TruCluster Server High Availability Case Study
Test Bed Software: V1.6 Archive
The
High
Availability Software Configuration
table lists the operating system, network, and services software configured on the production-level
cluster.
The test bed software configuration duplicates the production-level environment's
operating system version and patch level and the
NFS service, disk service, and tape service. It also uses LSM extensively to mirror the
root (/), /usr,
and /var
file systems.
The test environment
does not duplicate all of the system software running on the production system; nor does it run every
software application.
Our use of the production-level cluster and the test bed environment led to the following conclusions:
- It is more important to synchronize the test bed system with the versions of a select group
of software than it is for the test bed to duplicate everything on the production-level cluster.
You select the
software based on the needs of your critical applications or on the functions being exercised (for instance,
networking, security, etc.).
- Configure the test bed such that you can run load tests that simulate actual usage in
the production environment.
In addition to testing, you must develop a consistent roll-out procedure for quickly deploying software
changes from the test bed to your production-level cluster.

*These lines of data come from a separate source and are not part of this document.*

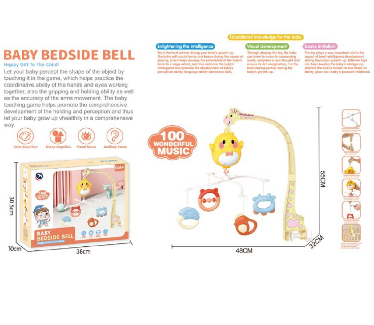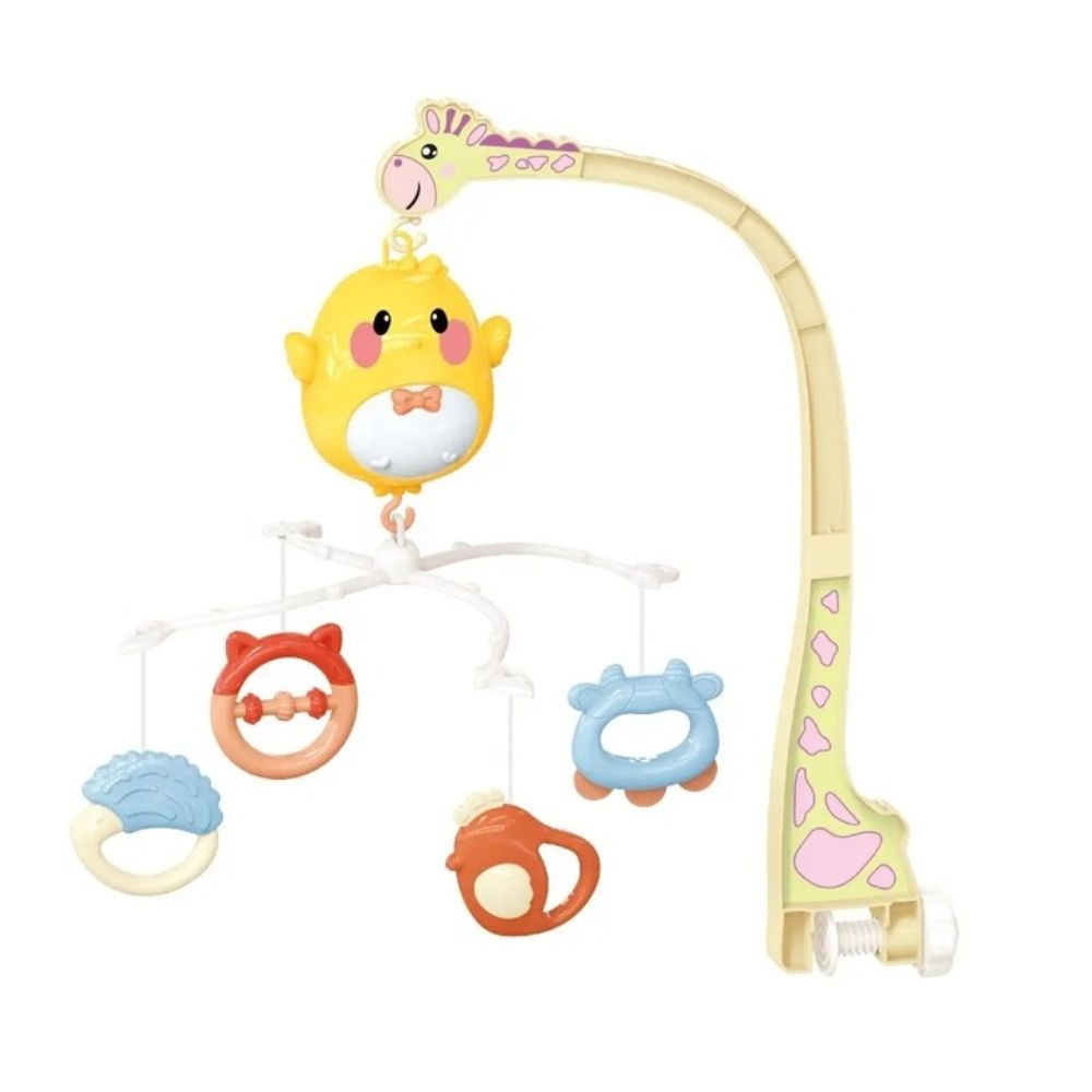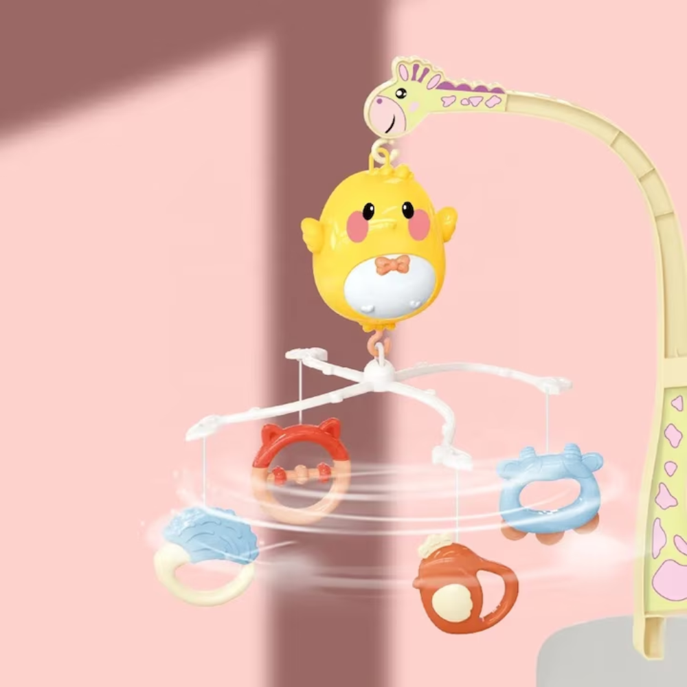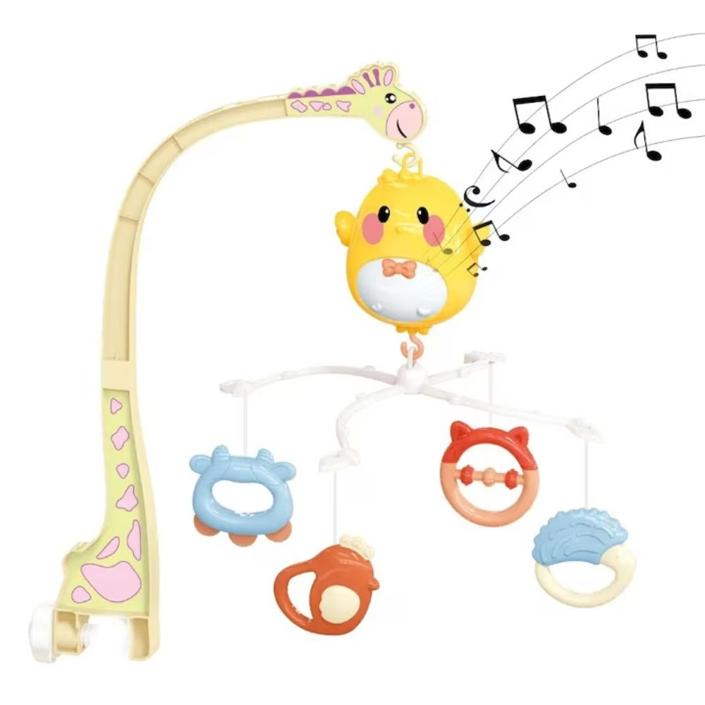 Caruselul muzical Girafa este un accesoriu distractiv si educational pentru patutul bebelusului, conceput pentru a stimula simturile si curiozitatea celor mici. Cele 4 jucarii zornaitoare detasabile se rotesc lent, iar figurina cu forma de puisor reda melodii placute atunci cand se apasa butonul, oferind o experienta multisenzoriala completa.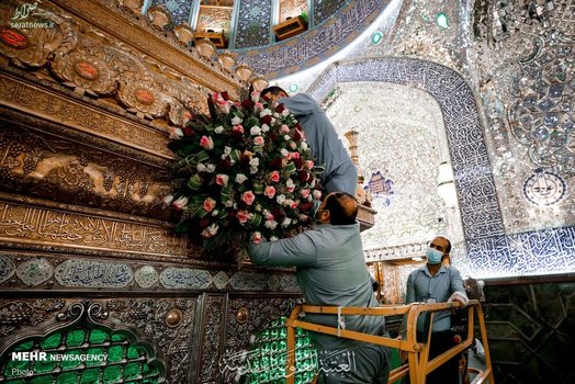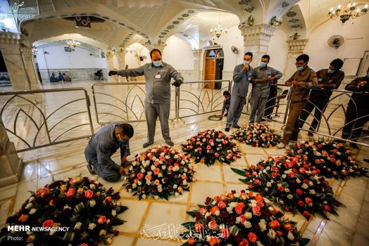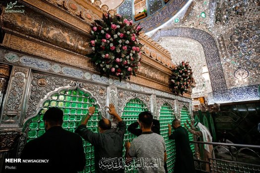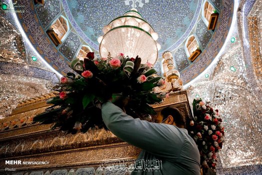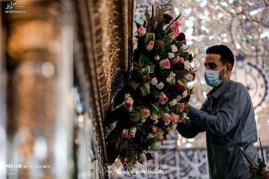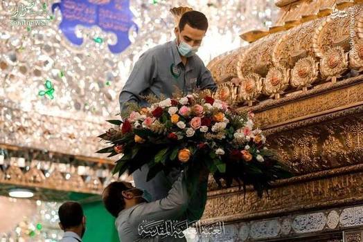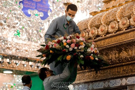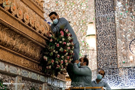 ضریح مطهر امام علی (ع) در آستانه عید غدیر خم گل آرایی شد.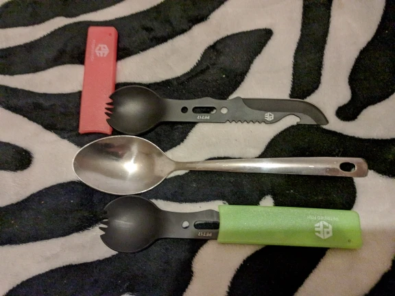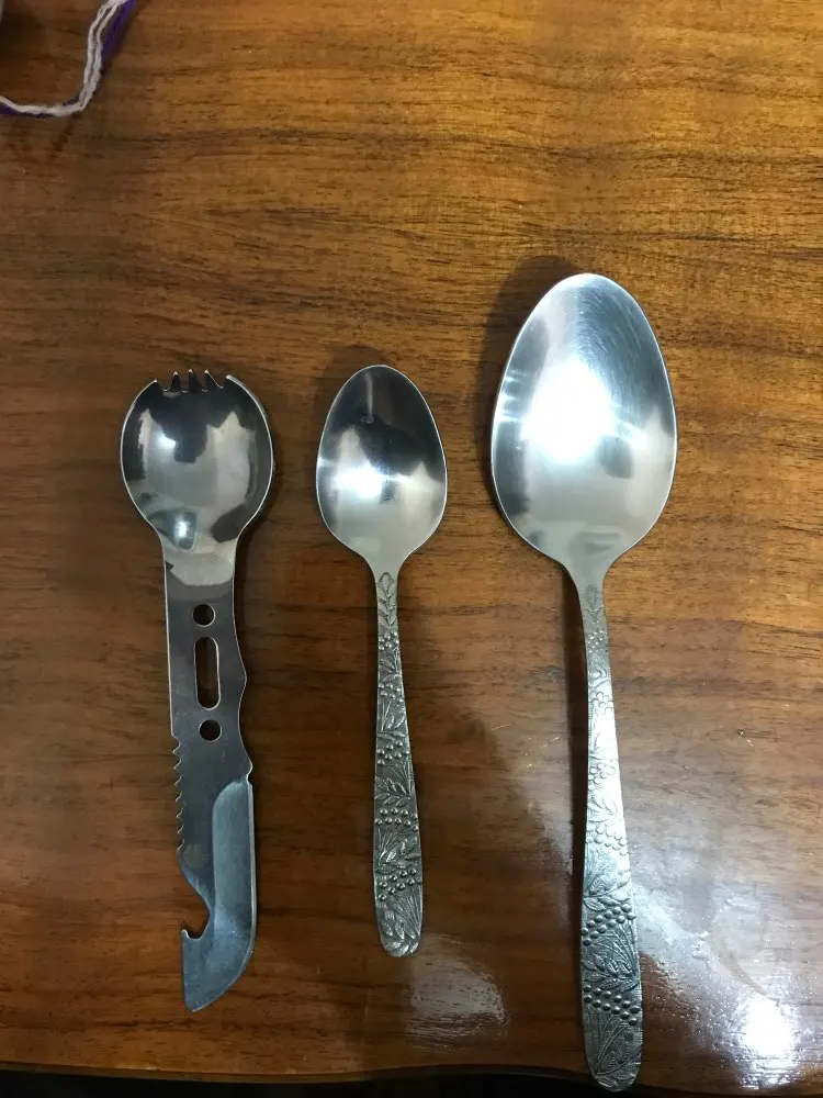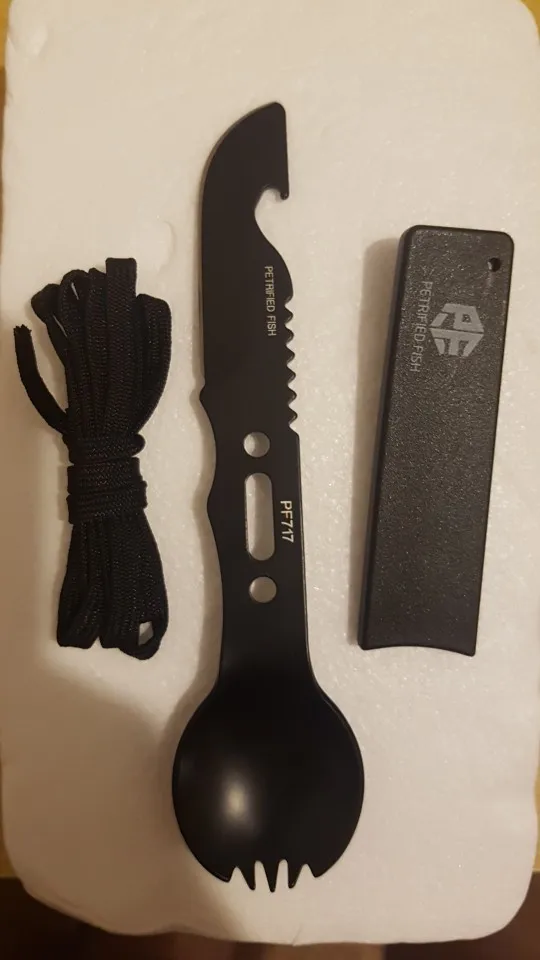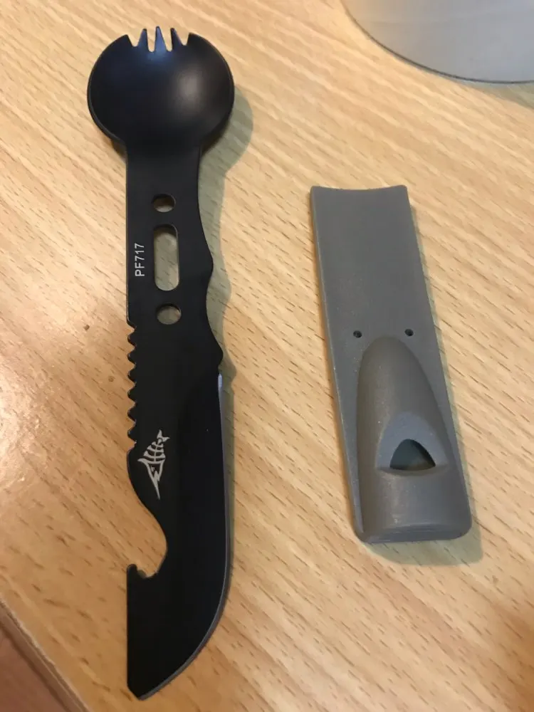 Отличный многофункциональный инструмент. Ложка вилка нож открывалка свисток и бонусом нейлоновая нить) за свою цену отличное качество
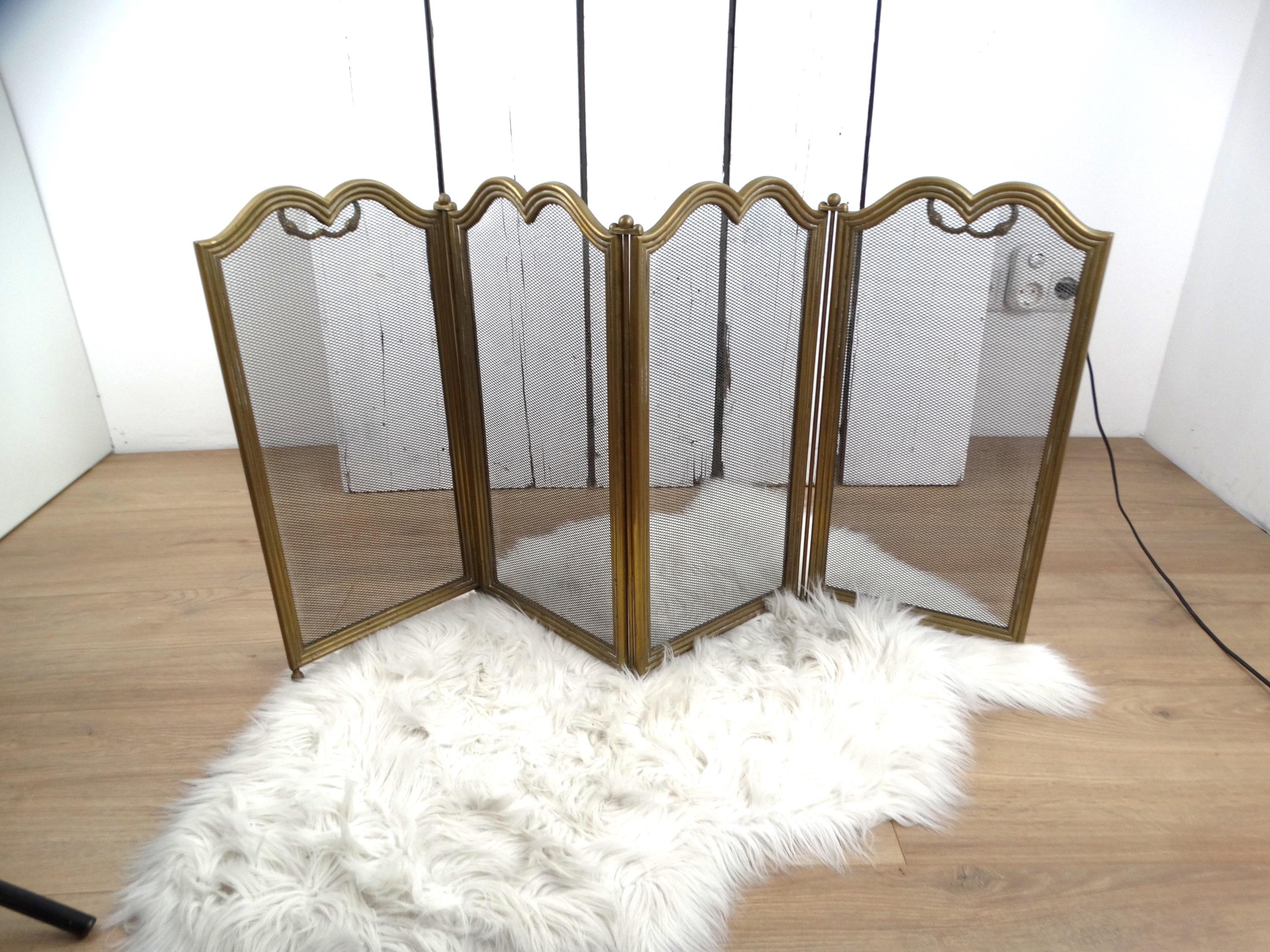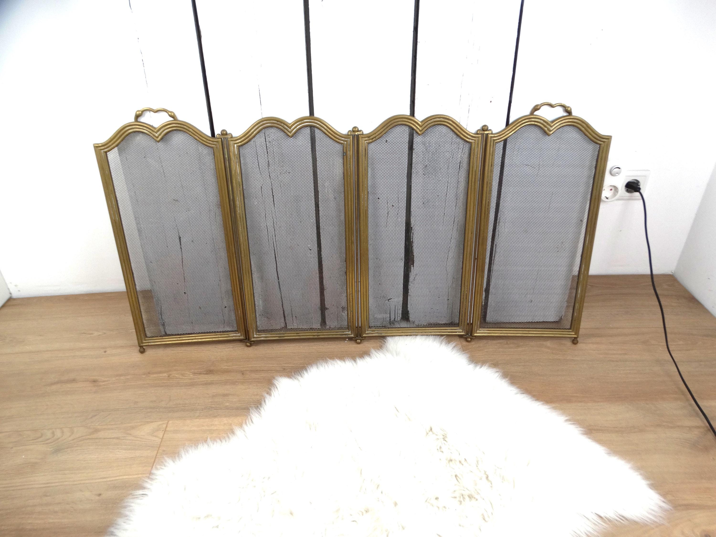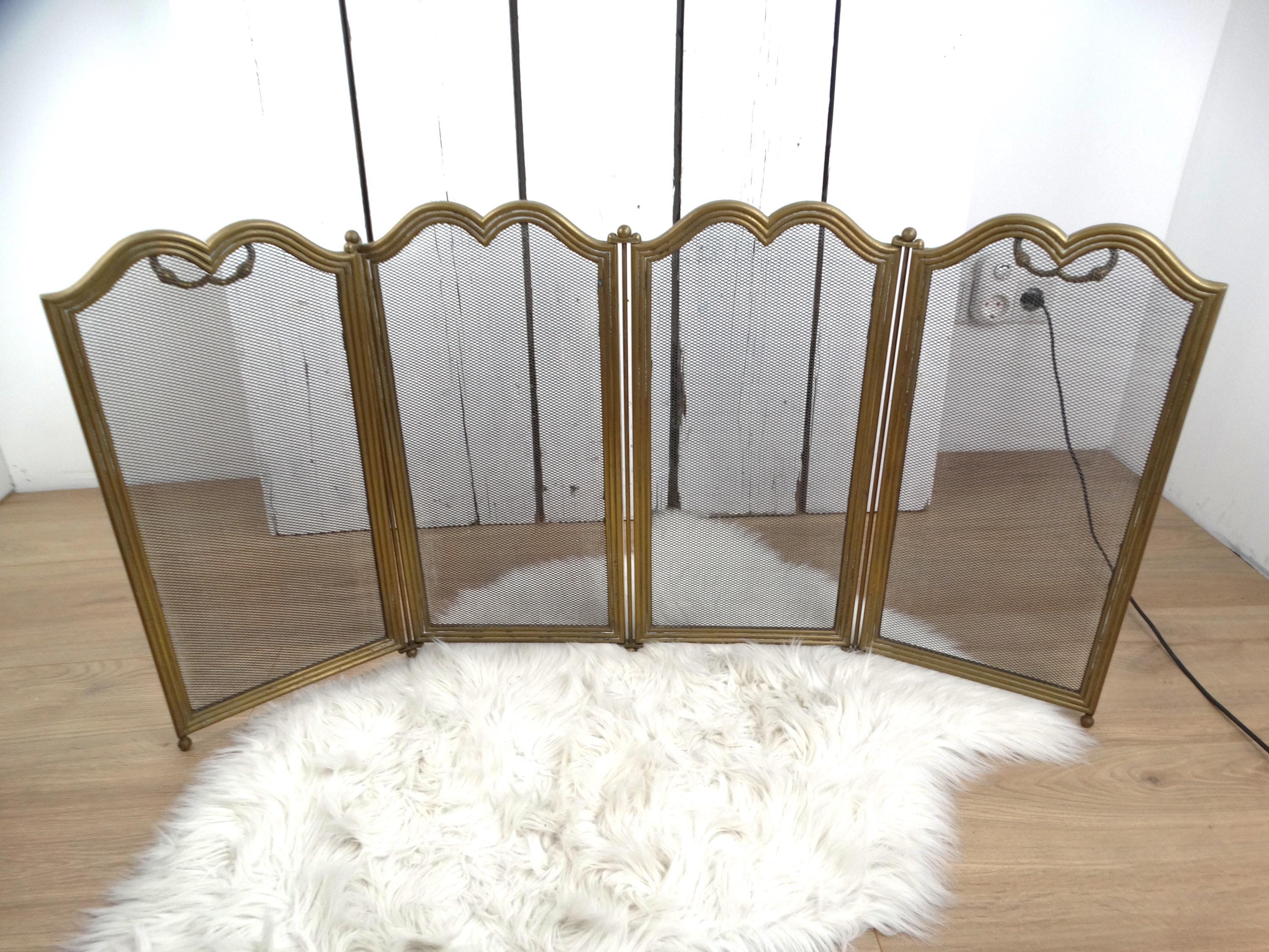 A very elegant antique copper fire screen. This intricately designed four-part screen is made of brass and metal. Made around 1930.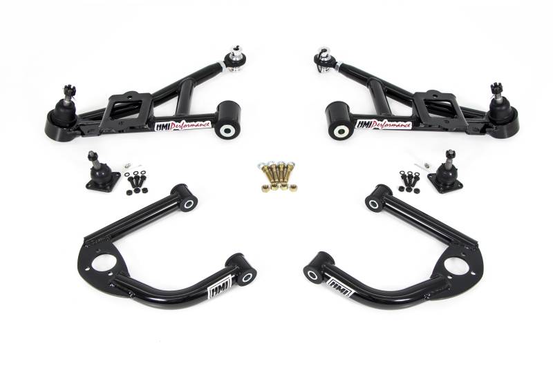 UMI’s fabricated tubular a-arms provide a rock solid foundation for your 4th Gen’s front suspension. Our a-arm kit is built to offer increased rigidity, smooth travel, a precise steering feel, and an 8lb weight savings over stock. The DOM 1-1/4” diameter tubular sections are precision bent, CNC notched and welded in a jig to form the solid base. The in-house built 4130 CrMo tube adapter on the lower a-arm provides a durable attachment point for the precision rod-end while the other side features a smooth, quiet bind free polyurethane bushing. The lower a-arms feature UMI’s new bind free bushing end that uses a two piece heavy duty sleeve that allows the a-arm to pivot freely while the upper a-arms use street friendly greasebale polyurethane bushings. The unique combination of precision and comfort makes for a great street oriented a-arm kit with racing tendencies. The spring and shock attach to the lower arm via a tough 1/4” thick steel shock mount. The CNC machined lower ball joint cup and CNC laser cut upper pad feature premium ball joints installed. UMI’s tubular lower a-arms can be installed on the factory k-member or any aftermarket k-member as well as the stock spindle - making this a true bolt-on product. Manufactured with pride in Philipsburg, PA – USA\nHardware kit P/N 2303 - A-arm hardware kit includes Grade 10.9 bolts, washers and Ny-lock nuts. Kit includes everything needed to mount your new UMI a-arms to the vehicle.\nCrMo - CrMo version uses 1-1/4” 4130 CrMo tubing, maintaining strength and reducing product weight by an additional 2lbs giving a total weight reduction of 10lbs. P/N 230511CM.\nFeatures:\n1-1/4” USA mild steel DOM tubing\nTIG Welded 4130 CrMo threaded tube adapters for thread durability\nCNC machined lower ball joint cup\nHeavy duty CNC laser cut ¼” thick shock mount\nPremium upper and lower ball joints installed\n¾” Teflon lined, high load capacity race rod ends\nGreaseable polyurethane bushings\nHigh grade shock mounting hardware included\nUses balance of OEM hardware or use new UMI hardware kit\nDurable red or black powder coat\nMade in Philipsburg, PA – USA

The test bed roll-out procedure that we use with the production-level cluster includes the following:
- Before making software changes, measure performance on the production and test bed environments.
- To modify the test bed, use standard tools, document each step, and record the down time.
For example, to
patch system code or a TruCluster Software product, use the dupatch utility to install
an aggregate Patch Kit on the test bed.
- Run the test bed system. Depending on the complexity of the change, we run the test bed system
for 10 to 20 days. For example, after installing a patch kit, we run the test bed for 10 days.
After upgrading the operating system, we run the test bed for 20 days. Running the test bed includes
the following activities:
- Load tests that cover typical workloads as well as atypical situations (such
as the simulation of low memory or full disks).
- Executing key business applications.
- Standard and automated tests that exercise the subsystems that were changed.
- Upon completion of step 3, re-measure test bed performance and compare it against the initial
measurement. If satisfactory, use
the downtime records to schedule the deployment of the changed software to the production environment.
- Use standard tools and the documented procedure from step 2 to install the changes on the
production system.
|